Intel RealSense long-range R200 cameras work better with black color and complex materials than Intel RealSense F200 cameras. The number of failures in tracking was minimal, which, of course, made us happy. And the main thing is that cameras allow you to shoot at the distances we need. So that everything was reconstructed quickly even on HD Graphics 5500+, we optimized our Fusion algorithm for OpenCL. Noises were removed by Fusion and additional data segmentation after the construction of a single mesh.


In addition, we modified the high-resolution texturing algorithm to IDF. Here we have the following approach: we take pictures in full resolution of the color camera and then project them onto the mesh. We do not use voxel colors, as this blurs the quality of the texture. The projection method is extremely difficult to implement, but it gives us the opportunity to use not only built-in cameras, but also external ones as a color source. For example, the scanning box we are developing uses DSRL cameras for high resolution textures, and this is extremely important for our e-commerce clients.
But the cameras built into RealSense RGB gave excellent colors.
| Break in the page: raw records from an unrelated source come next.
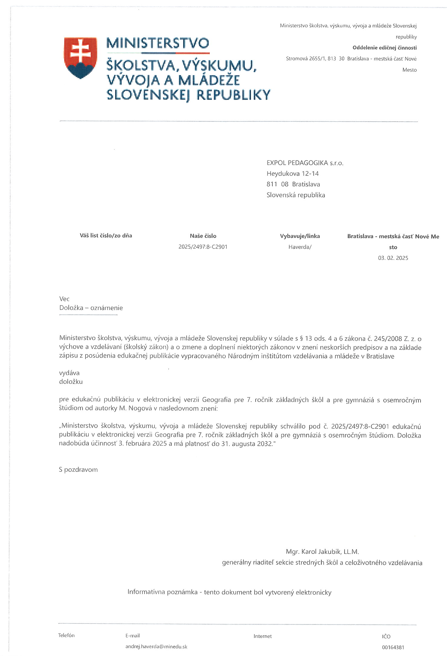 DIGITÁLNA UČEBNICA Geografia pre 7. ročník základných škôl a gymnáziá s osemročným štúdiom, ktorej obsah je v súlade s iŠVP pre základné školy - ISCED 2. Obsahuje všetky komponenty predpísané ŠVP v predmete geografia.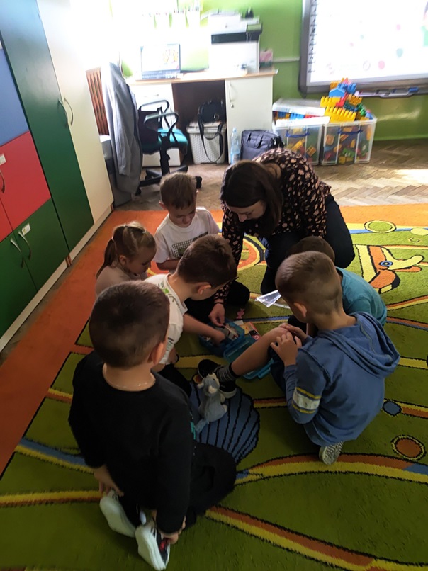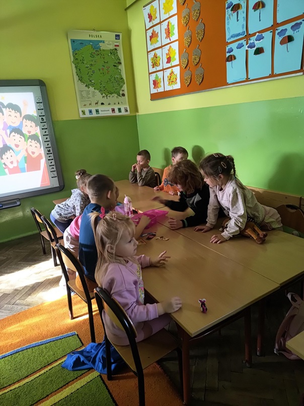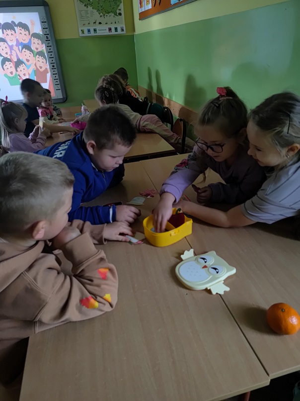 Najciekawszym elementem zajęć była część praktyczna. Przedszkolaki, podzielone na grupy, z zapałem podjęły się wyzwania: samodzielnego skomponowania wzorowej śniadaniówki. Dzieci aktywnie dyskutowały i wybierały tylko te produkty, które zasłużyły na miano zdrowych, udowadniając tym samym, że doskonale przyswoiły przekazaną wiedzę.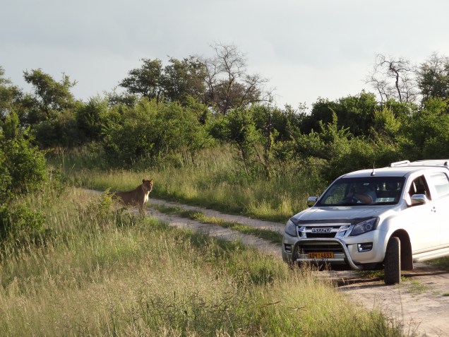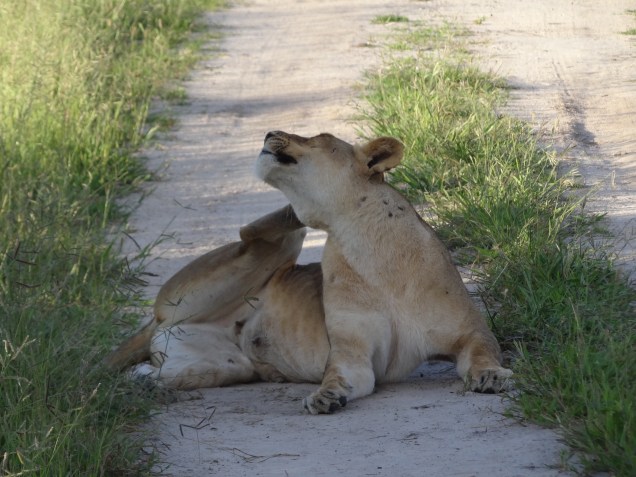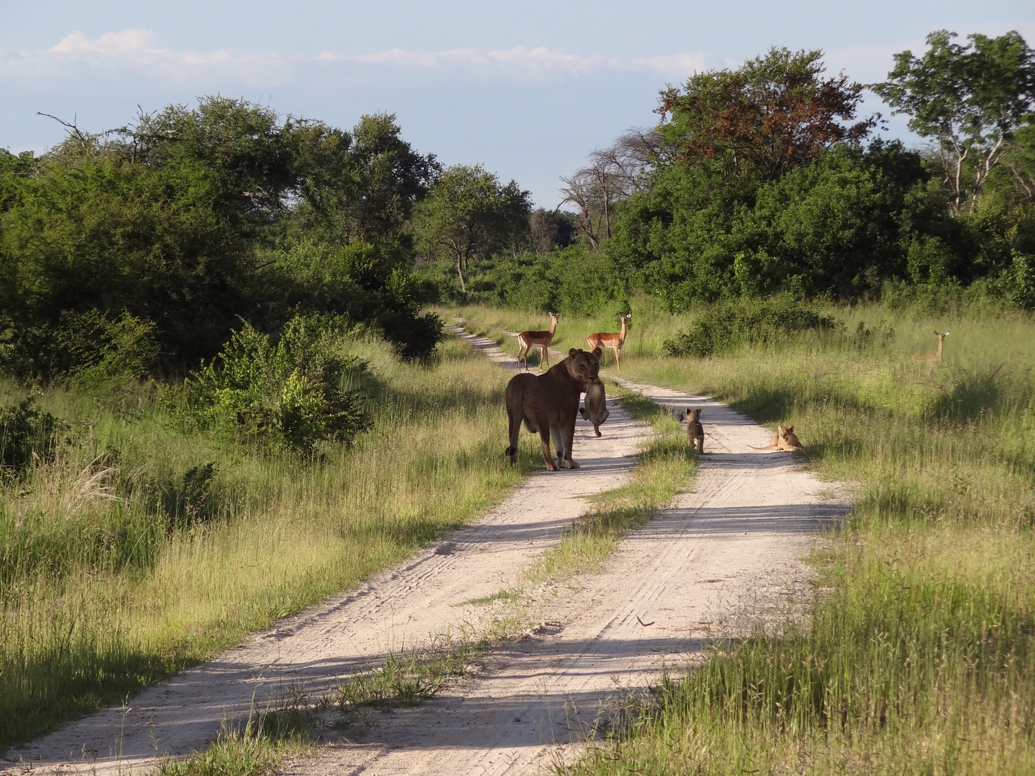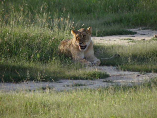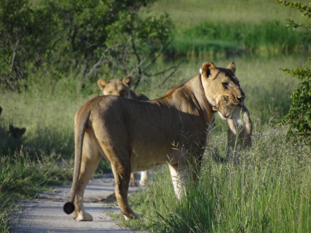 After driving around in a big arc, we returned to the same spot and even though the beautiful cat was still there, the shadows had grown longer and it was almost impossible to distinguish her spots in the dark. Our safari was drawing to a close so it was time to start the journey back toward camp. Seeing the leopard, even if only for a minute, had reinvigorated our lethargic tour and we were boisterously recounting her dart into the bush and sharing the one or two photos that we had snapped in her brief visibility. I was staring straight ahead, smiling to myself, when I saw them. I would have thought it to be impossible if I wasn’t seeing it with my own eyes. What luck!!! A lioness and three tiny cubs casually sauntered in the road. She was carrying one in her mouth and the other two followed closely behind. In contrast to the jittery leopard, this confident lioness stopped, turned to look at us, and calmly continued on her way. We trailed her at a slow pace, but she didn’t seem to be bothered by us at all. A group of impala saw her coming and they anxiously kept a fair distance, but she was with her babies; this was not a hunting posture. From my experience on nine safaris so far, I had learned that lions and leopard, in particular, don’t like to stay in the grass after a rain for the uncomfortable sensation of having wet feet so our luck of seeing all these beautiful felines in the road, was quite possibly because of the rain.

Here is an example of a model after texture mapping:

We are currently working on a new algorithm that would allow us to eliminate texture shifts and plan to finish it before the release of our Easy 3D Scan product.
As you can see, at first glance, a simple demonstration is worth a lot of complex code, thanks to which we can compete with scanning systems that cost about $ 100K +. Intel RealSense cameras are affordable and can change the market for B2B solutions.
What is the advantage of the human scanning system we are developing:
- Affordable solution and ease of setup and use - everything works by pressing a single button;
- Compactness - the scanning complex can be located in any trading floors, entertainment centers, medical centers, casinos, and so on;
- Quality models are suitable for 3D printing, content development for AR / VR applications;
- The accuracy of the resulting mesh allows you to take the size of the scanned object.
We understand that we have not yet discovered the full potential of Intel RealSense cameras, but we are sure that already at CES 2016 we will be able to show significantly improved products all in our hands!